NINGUÉM SENTE INVEJA

Querendo o que os olhos dos outros vêem todos os dias. Querendo o que você tem e eu não. Querendo você e eu não. No ar que respiram há mais oxigênio que no meu e eu suspiro mais que os outros – enquanto eles transpiram!
Mais abraços ali, mais aconchegos acolá, mais risos em outras bocas e eu longe disso... todos espalham merecimentos onde eu não estou! Assim não vale! Não vale a pena mesmo!
Há mais mulatas em seu samba, mais estrelas em outros céus, mais gotas na água do chuveiro do vizinho, mais sol na janela do outro apartamento, mais frio em meu quarto, mais cinemas em seu bairro, mais esmalte em suas unhas...
Quero mais brincar disso não! Você sempre ganha mais brinquedos que eu... Cansei de brincar!
Distraída querendo o que não posso, esqueço o que tenho! Minha inveja me matando e eu nem vendo...

domingo, 13 de junho de 2010

ESTANQUE FLUIDEZ.

De pé a escultura precisou do barro duro e a água mole para se firmar.

O pó de argila que agora é lama se deixa moldar para nascer a forma.

A mulher que triste chora, deixa sua lágrima misturar com o pó da face maquiada.

Precisou não ser mais amada, para descobrir a forma que nasce da dor.

Duas listras na face multicolor.

O chão seco, com a garganta aberta e rachada, grita rouco para o céu – chora!

Os castelos de areia pedem ao mar – vai embora!

Dureza e moleza não dizem nada sem que estejam no lugar.


{Dedicado ao professor Roberto}

sábado, 12 de junho de 2010

PEGA, LADRÃO.

Se nasceu com o coração atrás de um tampo de vidro,

não adianta negar que ele te arde.

Embora seja duro esconder essa parte,

alguém vai partir este teu amigo.

Uma vez ele exposto desde o teu nascimento,

todos sabem o que vai nele, então.

Se não te arrancam todo o coração,

feri-lo é só questão de tempo.

Pode pular, se debater de medo agora;

antes mesmo que te arranquem a cabeça.

Não há fuga, nem nada que impeça,

quando, enfim, chegar a tua hora.

Vais querer impedir tamanho sofrimento,

fugir do que te faz amar.

Mas ele te vão roubar,

e tu vais assentir sem consentimento.

Estará ele não mais na vitrine,

mas nas barracas sujas de uma feira.

Verás a tua melhor parte inteira,

cortada e jogada num cesto de vime.

E lá todo partido o órgão,

sorrirá contente de volta.

Atravessaste de uma vez a porta

daqueles que amam sem noção.

Quebraram todo vidro e toda regra,

abriram ali um vão.

Levaram-te todo o coração,

estraçalharam o tampo à pedra!


quarta-feira, 9 de junho de 2010

O QUE FAÇO COM VOCÊ?

Brincando de saudades e inventando um querer bem que não tem, não dá para ligar de noite e te chamar de meu bem.
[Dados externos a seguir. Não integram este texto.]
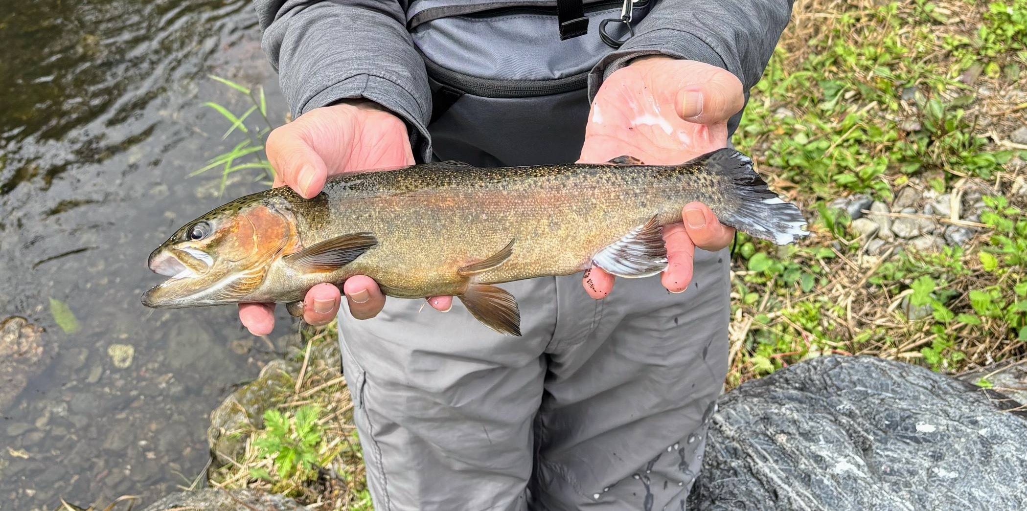 自分が釣ったニジマス。サイズは30cmくらいで、今まで釣った中で一番大きくて、引きが強かった。最初は何度かバラしてしまったが、いつか釣りたいと思っている尺イワナの練習になったはずである。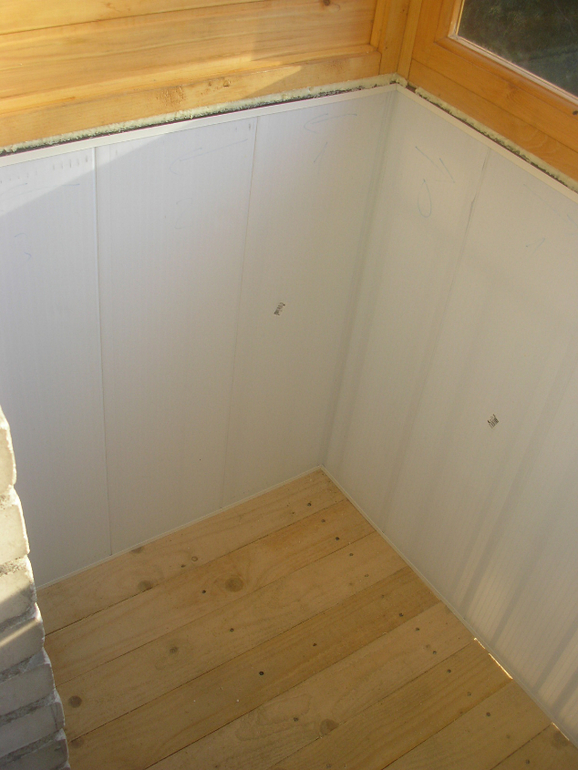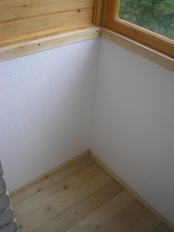 Утепляли пенопластом, на пол толщиной ок. 5-7 см, на стены пенопласт толщиной 2 см. На пол сверху доски, подложка под ламинат и сверху линолеум. На стены деревянная вагонка.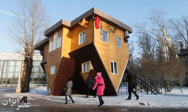 یک خانه وارونه در نمایشگاهی در مسکو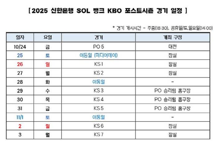 | 플레이오프 | 10월 18일 ~ 24일 | 한화 vs 삼성 | 5전 3선승제 |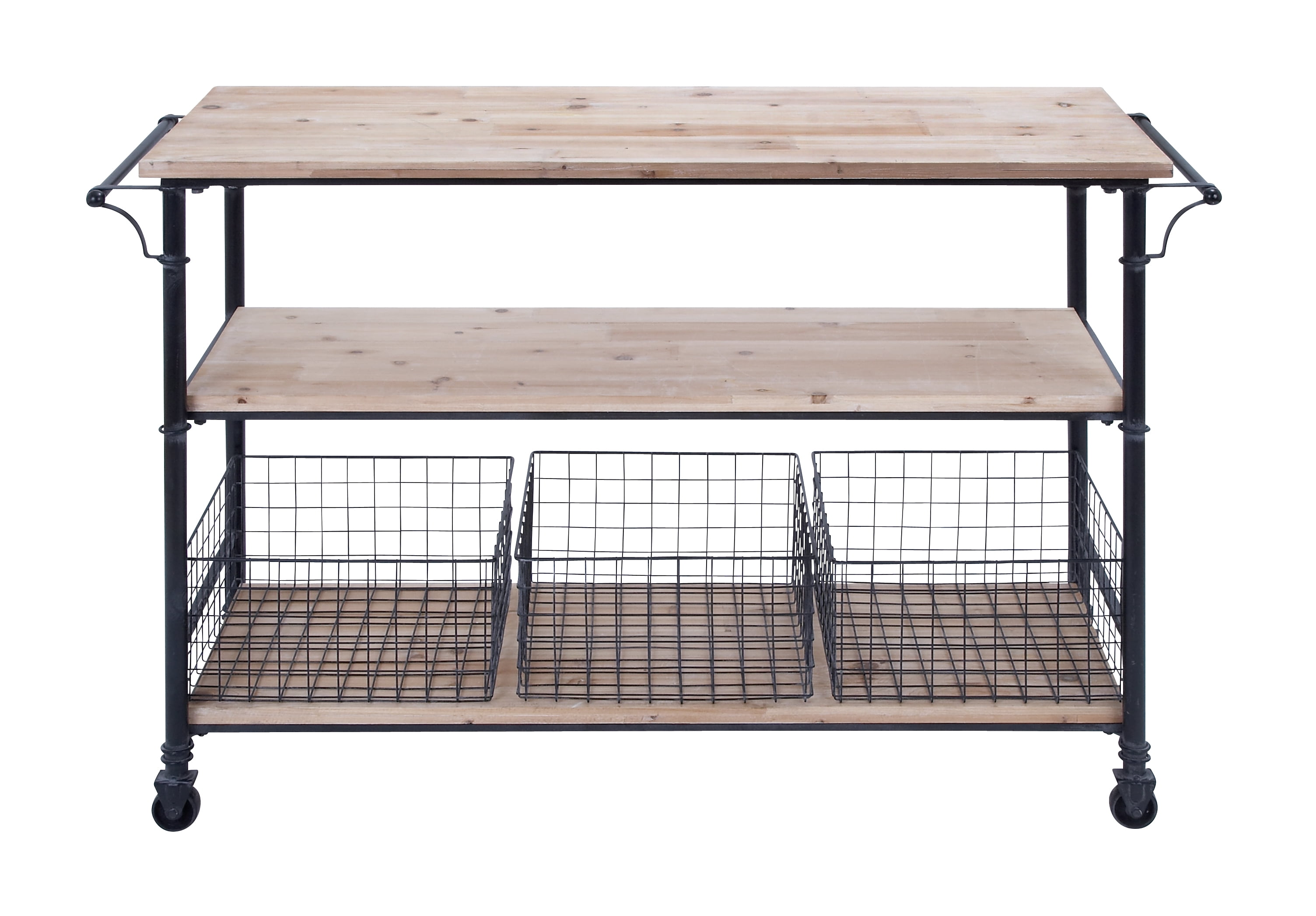 Deco 79 50203 Industrial Metal Wood Table Rolling Cart With

Nem posso encaixar pronomes possessivos ao falar de ti no meio de minha fala. Eu sei que você existe, mas e daí? Nada mudou. Não há brilho a mais na manhã, horas a menos na noite, não rolo na cama, não suspiro quando viajo, nem minha voz embarga de emoção. Não mudo o caminho para te ver, não bate vontade de gastar créditos do celular; ganhei uma coisa e não te conto, para que você quer mesmo saber? Nem vai torcer. Então, o que faço com você?

Você está doente? Melhoras! Não faço chazinho, carinho, denguinho e outros inhos que a doença traz. Vai se mudar de cidade? Escolhe um bairro onde tudo é perto. Não faço cena, não me jogo no chão, nem dói o coração porque não vou te ver. Então, o que faço com você?

Não é que eu te quero mal, não é que eu não te queira, não é isso! É que você existe, eu sei, mas não soma nem subtrai, não multiplica nem divide, como vou contabilizar você em minha vida se a gente faz de conta que conta um com o outro? Você me liga ou eu te procuro e a gente se encontra no escuro, na esquina, nas quebradas e nada do que dizemos se põe num grande vão onde se deposita o futuro – é só ali, de passagem, sorrateiros, bifurcados, historinha que ninguém crê. Então, o que faço com você?

Bote fé, aliás, não bote não porque posso mudar de opinião e você esperar sem necessidade. De mim nada espere além do bem que faço a todos sem especialidade. Seu aniversário é uma data e não um acontecimento, mas deixa comigo que listarei este evento no Orkut e se der eu apareço. Jamais dividiremos uma pizza, nem lençóis, nem uma janela, nem um par de ingressos, nem a alegria de nenhum dos dois: o meu é meu, o seu é seu e o nós não conjuga o verbo ser. Se isso tudo é verdade, se não há dor, não tem saudade, me diga - por caridade - o que eu faço com você?